──────── Exercise input
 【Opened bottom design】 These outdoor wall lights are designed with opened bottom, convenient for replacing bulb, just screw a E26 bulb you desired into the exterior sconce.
────────────────
──────── Exercise input
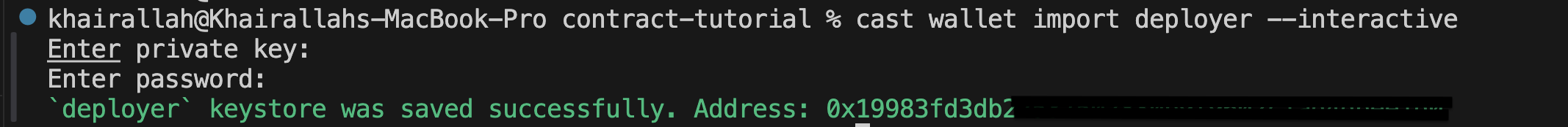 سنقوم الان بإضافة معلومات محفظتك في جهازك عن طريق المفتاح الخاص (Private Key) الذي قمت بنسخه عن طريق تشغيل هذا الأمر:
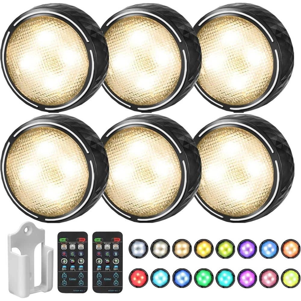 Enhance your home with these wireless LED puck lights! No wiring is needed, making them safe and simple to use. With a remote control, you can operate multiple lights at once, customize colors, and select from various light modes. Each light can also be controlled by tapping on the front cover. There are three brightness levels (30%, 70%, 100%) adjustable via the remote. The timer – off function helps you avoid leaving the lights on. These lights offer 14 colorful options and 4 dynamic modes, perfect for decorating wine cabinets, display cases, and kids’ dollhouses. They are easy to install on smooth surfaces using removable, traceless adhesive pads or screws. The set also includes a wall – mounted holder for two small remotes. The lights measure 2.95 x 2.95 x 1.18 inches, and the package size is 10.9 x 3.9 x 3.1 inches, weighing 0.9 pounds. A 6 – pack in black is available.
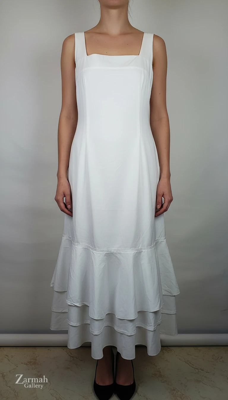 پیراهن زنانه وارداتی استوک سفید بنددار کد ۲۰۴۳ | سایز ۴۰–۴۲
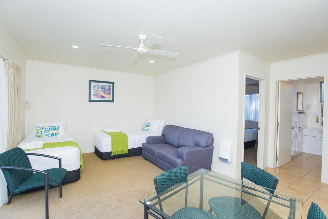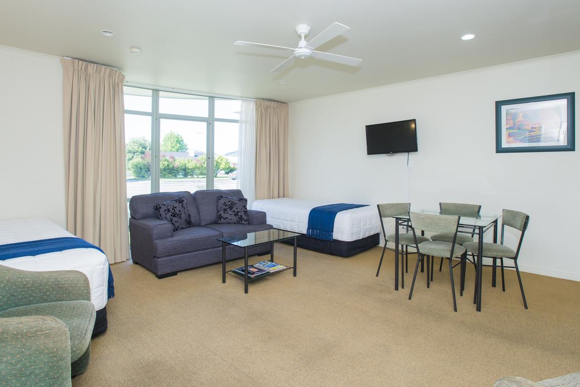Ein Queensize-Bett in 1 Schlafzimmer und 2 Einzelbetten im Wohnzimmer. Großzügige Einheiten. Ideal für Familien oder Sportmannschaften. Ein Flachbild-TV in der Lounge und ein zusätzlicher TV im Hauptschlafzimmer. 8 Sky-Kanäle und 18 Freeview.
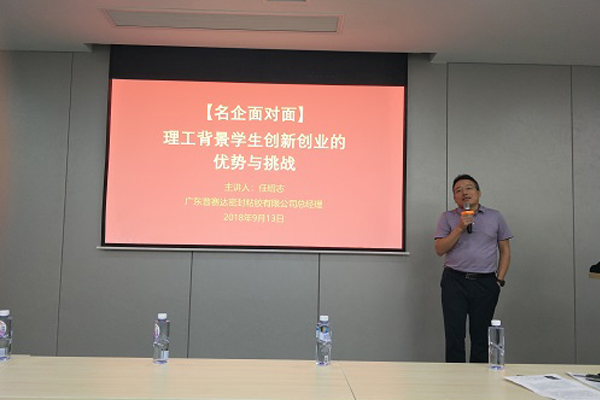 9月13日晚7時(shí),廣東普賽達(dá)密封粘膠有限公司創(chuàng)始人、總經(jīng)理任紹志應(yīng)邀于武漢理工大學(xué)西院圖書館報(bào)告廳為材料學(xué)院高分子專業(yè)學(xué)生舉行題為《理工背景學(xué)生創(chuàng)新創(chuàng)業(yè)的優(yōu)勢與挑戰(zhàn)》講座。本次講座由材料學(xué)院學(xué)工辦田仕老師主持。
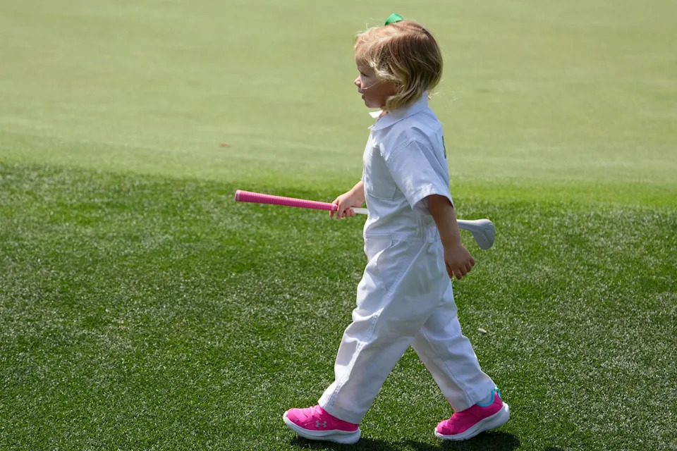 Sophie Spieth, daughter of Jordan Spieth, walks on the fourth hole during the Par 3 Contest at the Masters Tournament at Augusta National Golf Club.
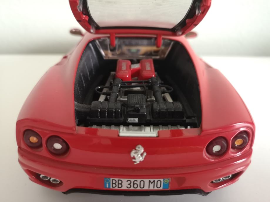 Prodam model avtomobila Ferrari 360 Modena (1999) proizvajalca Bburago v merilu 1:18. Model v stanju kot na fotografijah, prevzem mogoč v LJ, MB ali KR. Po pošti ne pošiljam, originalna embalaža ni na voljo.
────────────────
Problem: Your copy should hold only the lines above from the one containing "Ein Queensize-Bett in" through the one containing "Prodam model avtomobila", exactly as written and free of pictures.

Written answer:
Ein Queensize-Bett in 1 Schlafzimmer und 2 Einzelbetten im Wohnzimmer. Großzügige Einheiten. Ideal für Familien oder Sportmannschaften. Ein Flachbild-TV in der Lounge und ein zusätzlicher TV im Hauptschlafzimmer. 8 Sky-Kanäle und 18 Freeview.
 9月13日晚7時(shí),廣東普賽達(dá)密封粘膠有限公司創(chuàng)始人、總經(jīng)理任紹志應(yīng)邀于武漢理工大學(xué)西院圖書館報(bào)告廳為材料學(xué)院高分子專業(yè)學(xué)生舉行題為《理工背景學(xué)生創(chuàng)新創(chuàng)業(yè)的優(yōu)勢與挑戰(zhàn)》講座。本次講座由材料學(xué)院學(xué)工辦田仕老師主持。
 Sophie Spieth, daughter of Jordan Spieth, walks on the fourth hole during the Par 3 Contest at the Masters Tournament at Augusta National Golf Club.
 Prodam model avtomobila Ferrari 360 Modena (1999) proizvajalca Bburago v merilu 1:18. Model v stanju kot na fotografijah, prevzem mogoč v LJ, MB ali KR. Po pošti ne pošiljam, originalna embalaža ni na voljo.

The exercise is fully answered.